Dive Brief:
- The Securities and Exchange Commission (SEC) has charged computer server producer Super Micro Computer and its former CFO, Howard Hideshima, with prematurely recognizing revenue and understating expenses over a three-year period.
- Hideshima and the company's other executives pushed employees to maximize end-of-quarter revenue while failing to maintain internal accounting controls to accurately record revenue, the complaint alleges.
- As a result, the company improperly recognized revenue. Among other things, it recognized revenue on goods sent to warehouses but not yet delivered to customers, shipped goods to customers prior to customer authorization, and shipped mis-assembled goods to customers.
Dive Insight:
As part of its efforts, the company misused its cooperative marketing program, the SEC says.

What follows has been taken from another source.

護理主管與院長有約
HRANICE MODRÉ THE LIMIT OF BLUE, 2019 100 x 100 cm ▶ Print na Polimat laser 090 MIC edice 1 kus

That program entitles customers to reimbursement for a portion of cooperative marketing costs, but the company reduced the liabilities accrued for the program to avoid recognizing expenses unrelated to marketing.
Hideshima was on notice of these and other similar practices, but failed to properly address them, the SEC says. He also signed or approved filings with the Commission containing materially misstated financial statements, and knowingly circumvented internal accounting controls.

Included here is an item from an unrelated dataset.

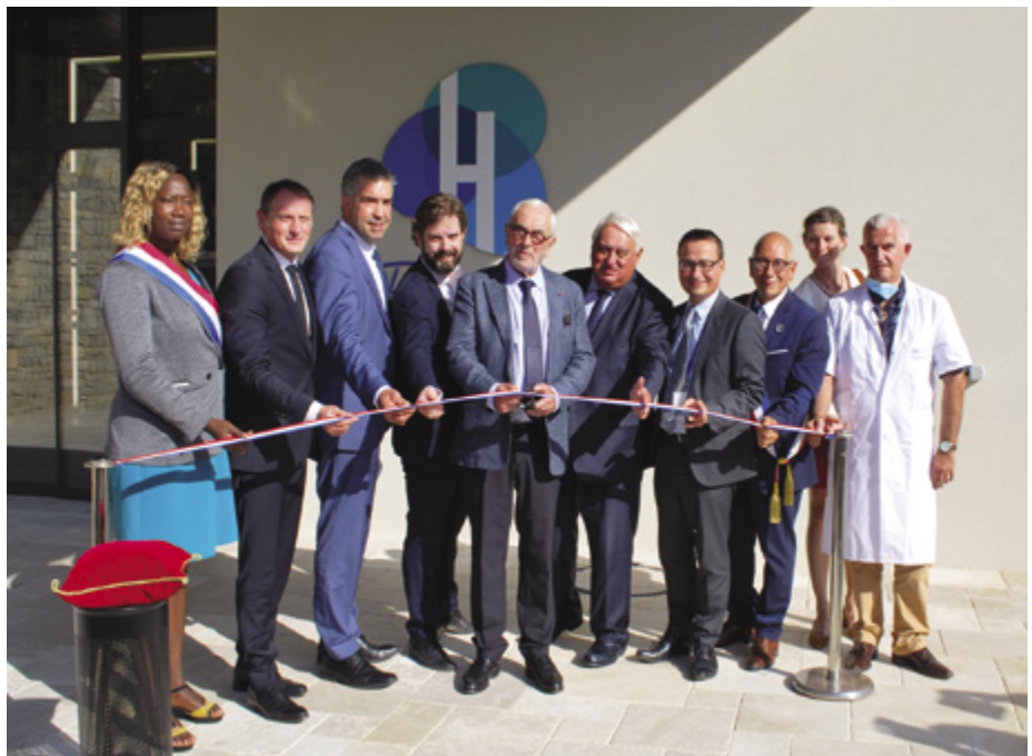
Martin Malvy, entouré des personnalités locales et financeurs, a inauguré le nouveau bâtiment de l'hôpital.

Company CEO Charles Liang, while not charged with misconduct, must reimburse the company $2.1 million in stock profits that he received while the accounting errors were occurring, pursuant to the clawback provision of the Sarbanes-Oxley Act.
"Reporting revenue in the wrong period gives investors a distorted view of a company's financial condition," associate director of the SEC's Division of Enforcement Melissa Hodgman said. "The SEC will continue to hold executives accountable when they exploit insufficient internal controls."
Without admitting or denying the findings, Super Micro Computer has agreed to cease and desist from violating cited provisions in the Securities Act of 1933 and 1934, and to pay a $17.5 million penalty. Hideshima, without admitting or denying the findings, has agreed to cease and desist from committing or causing violations of cited provisions, and to pay disgorgement and prejudgment interest totaling more than $300,000, and a $50,000 penalty.
“We are pleased to have settled this matter and put this investigation behind us," Liang said in a statement. "Supermicro is committed to conducting our business ethically and transparently. We fell short of our standards, and we have implemented numerous remedial actions and internal control enhancements to prevent such errors from recurring. Our strengthened financial accounting and management team will help us continue building value for shareholders and customers as we innovate in high-performance, high-efficiency server and cloud technology.”